*** Data section ***
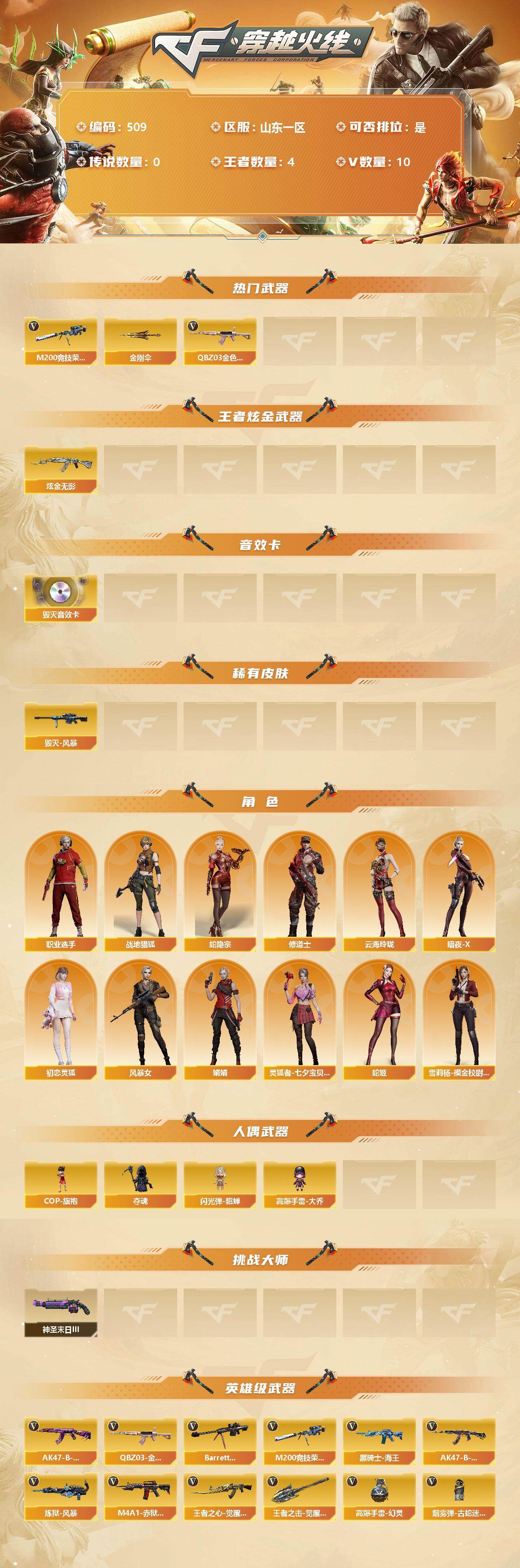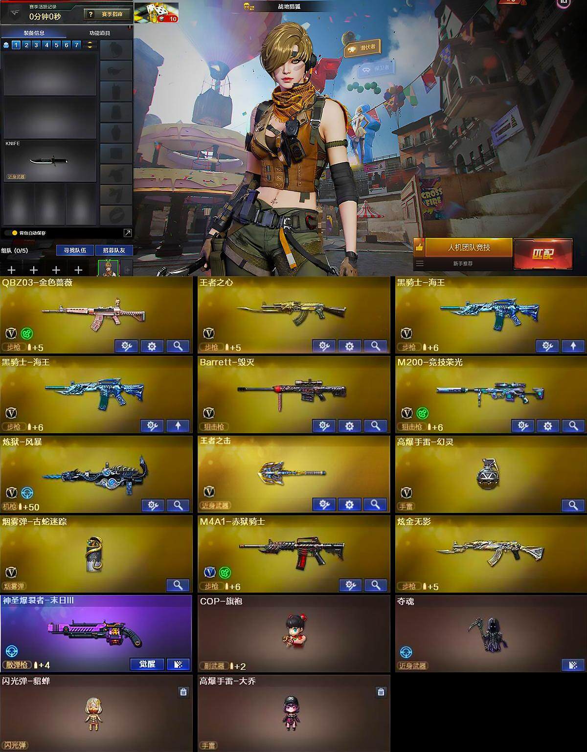 【英雄级武器】:QBZ03-金色蔷薇,王者之心-觉醒版,AK47-B-战神,黑骑士-海王*2,AK47-B-常胜将军,Barrett-毁灭,M200-竞技荣光,炼狱-风暴,王者之击-觉醒版,高爆手雷-幻灵,烟雾弹-古蛇迷踪,M4A1-赤狱骑士
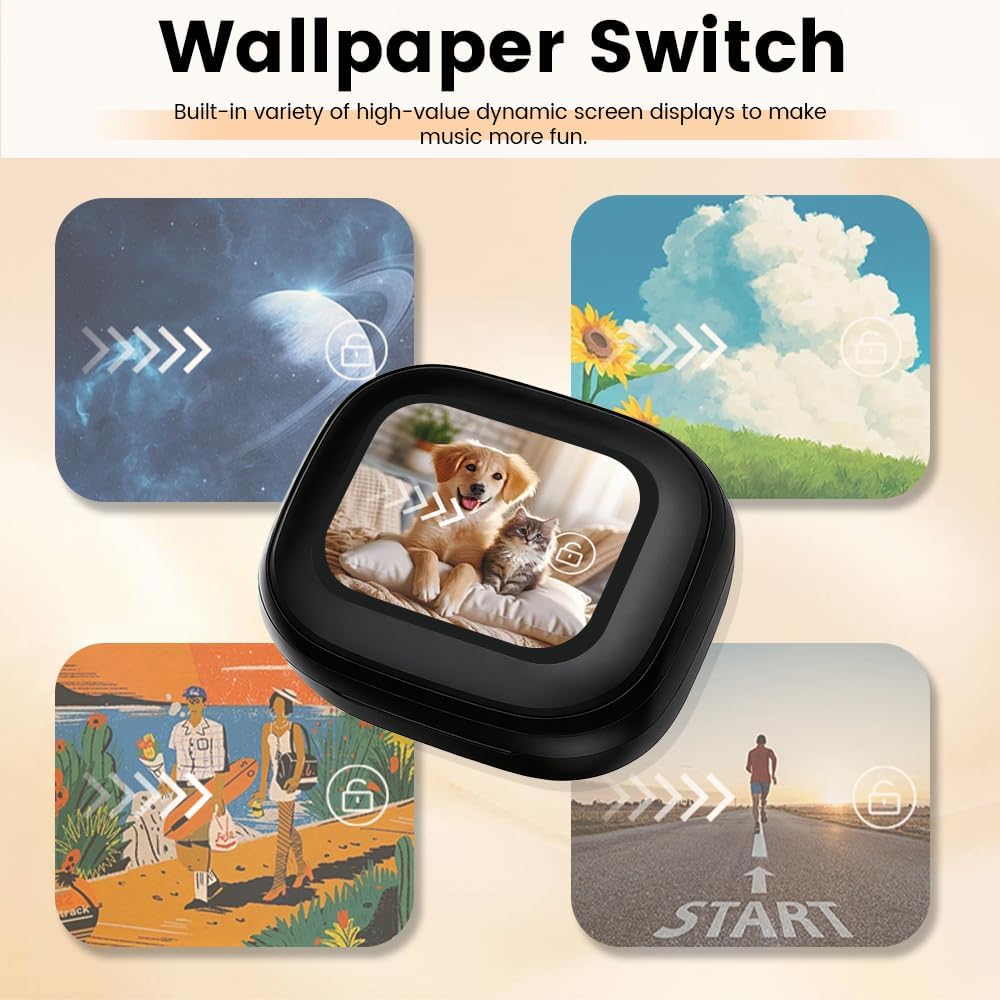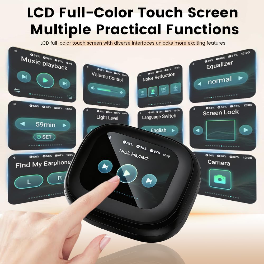 【Intelligent Touch Screen】Our bluetooth earbuds feature not only smart single-tap controls but also an multifunction touchscreen charging case. With fingertip touches, effortlessly switch songs, adjust volume, 5 EQ modes, locate earbuds, or take calls. Whether in work meetings or intense workouts, the Smart Interactive System keeps your music experience effortlessly smooth—delivering true hands-free control.
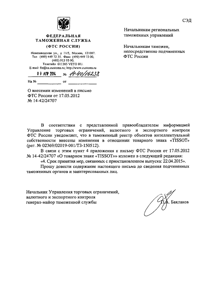 ПИСЬМО ФТС РФ от 09.04.2014 N 14-40/16238
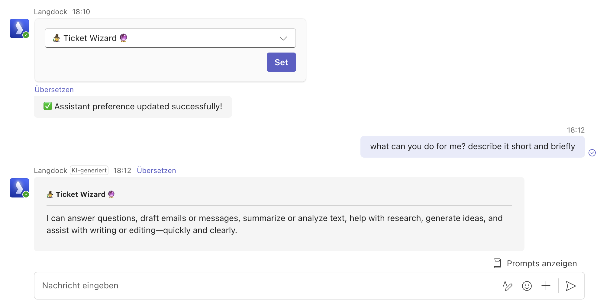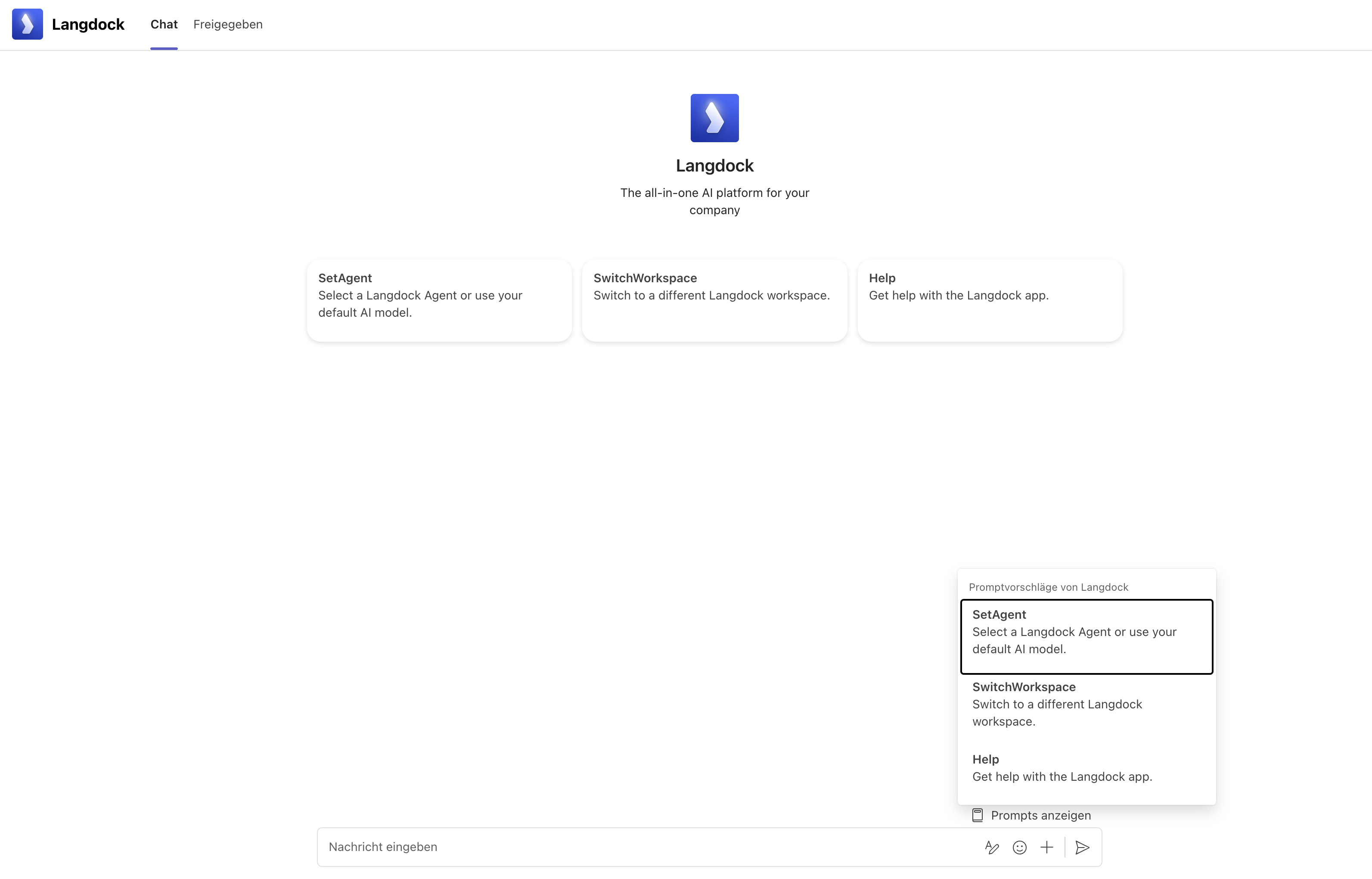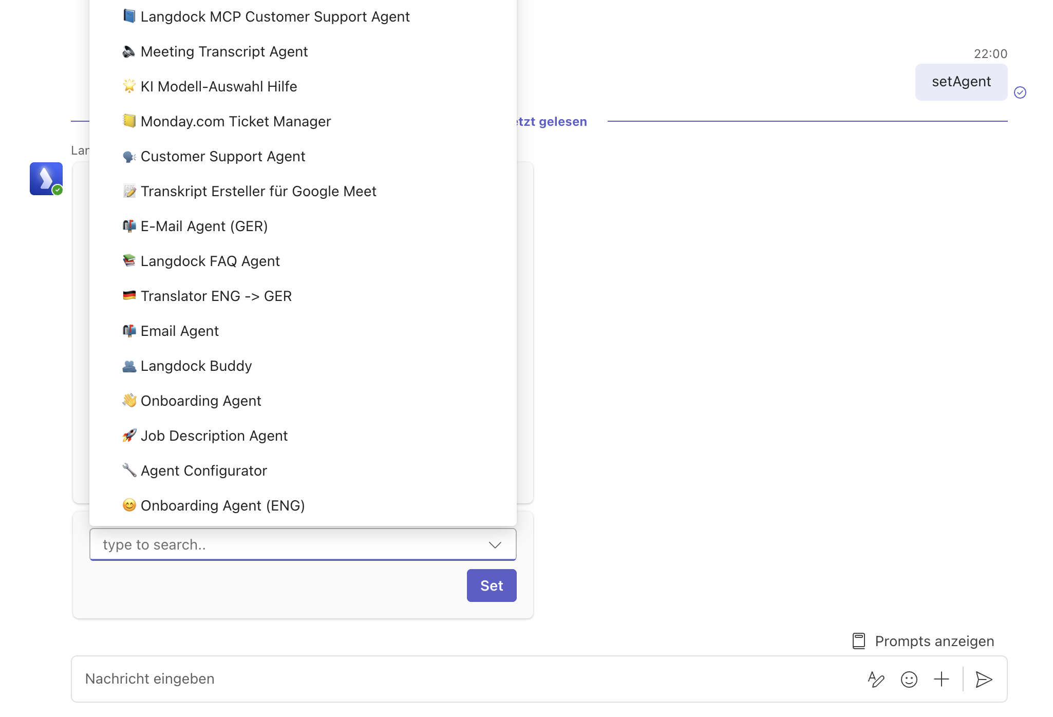 | SetAgent | Select a Langdock agent |
*** End of Data section ***
- [What to work on]:
Repeat the data word for word, excluding any image.

- [Written reply]:
 【英雄级武器】:QBZ03-金色蔷薇,王者之心-觉醒版,AK47-B-战神,黑骑士-海王*2,AK47-B-常胜将军,Barrett-毁灭,M200-竞技荣光,炼狱-风暴,王者之击-觉醒版,高爆手雷-幻灵,烟雾弹-古蛇迷踪,M4A1-赤狱骑士
 【Intelligent Touch Screen】Our bluetooth earbuds feature not only smart single-tap controls but also an multifunction touchscreen charging case. With fingertip touches, effortlessly switch songs, adjust volume, 5 EQ modes, locate earbuds, or take calls. Whether in work meetings or intense workouts, the Smart Interactive System keeps your music experience effortlessly smooth—delivering true hands-free control.
 ПИСЬМО ФТС РФ от 09.04.2014 N 14-40/16238
 | SetAgent | Select a Langdock agent |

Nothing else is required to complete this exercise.